Have you tried Agnus Castus? I'm sure it helped me conceive my first little man. I had very irregular periods caused by my hormone levels not being quite right. Alongside the Agnus Castus I lost weight and started exercising - my periods went up from 2 to 8 a year and I fell pregnant pretty quickly. Good luck, I do hope you and your hubby can work this out. It's such a stressful process xx
Have you been referred to a specialist? Have they done bloods? Hsg? I would think if it's been 3 years and they can't find any obvious cause they should give you an 'unexplained infertility' diagnosis and possibly over IVF (unless either if you have children from a previous relationship?). They shouldn't just be saying well everything looks ok and leave it at that!
I'm so sorry your feeling like this I totally sympathise, we've been TTC for almost 4 years....have you been to your GP to find out about underlying issues? Your DH possibly thinks YOU don't want sex as you no longer wish to TTC. Can you tell him that you just want to relax and not think about it at all? Thats the stage we're at. I need to loose weight to get treatment but struggle to loose weight due to PCOS and BED. Now we are just having sex! If it happens it happens if not then I'm dealing with my issues to allow fertility treatment in the future.

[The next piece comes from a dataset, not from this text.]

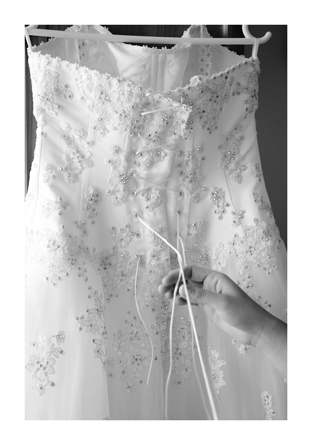- Gorset jest sznurowany z tyłu, co umożliwia dopasowanie do sylwetki, ozdobiony cyrkoniami opalizującymi;
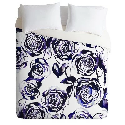 Turn your basic, boring down comforter into the super stylish focal point of your bedroom with the Deny Designs Holly Sharpe Inky Roses duvet set. Our lightweight duvet is made from an ultra soft lightweight woven polyester fabric with an art printed top side. Our duvet cover includes a hidden zipper with interior corner ties to secure your comforter. It’s comfy, fade resistant, machine washable and custom printed for every order. The King and Queen come with a duvet cover and two pillow shams, the Twin comes with a duvet cover and one pillow sham.

my husband and I have been trying to conceive for over 3 years and I told him the other day that I can't do it anymore I'm done crying I'm done worrying all the time I just want to be happy. I always believe that one day it will happen that one day I would be a blessed and I'D be able to be happy.but now I really don't think it's going to happen, I feel like I'm not meant to have a baby,my husband is an only child and only grandchild if he doesn't have a baby it and his family name His blood line and that stresses me out even more. Anyway I had told my husband I didn't want to try anymore and now he wants nothing to do with me sexually I mean. Everything else is normal talk to me but its not trying to have a baby he doesn't want to have sex at all that he wants to stay completely away from sex I don't know if he's thinking that I don't want a baby at all because that's not what it is I'm just tired of the stress I have tried to explain this to him but I don't think he understands... what do I do?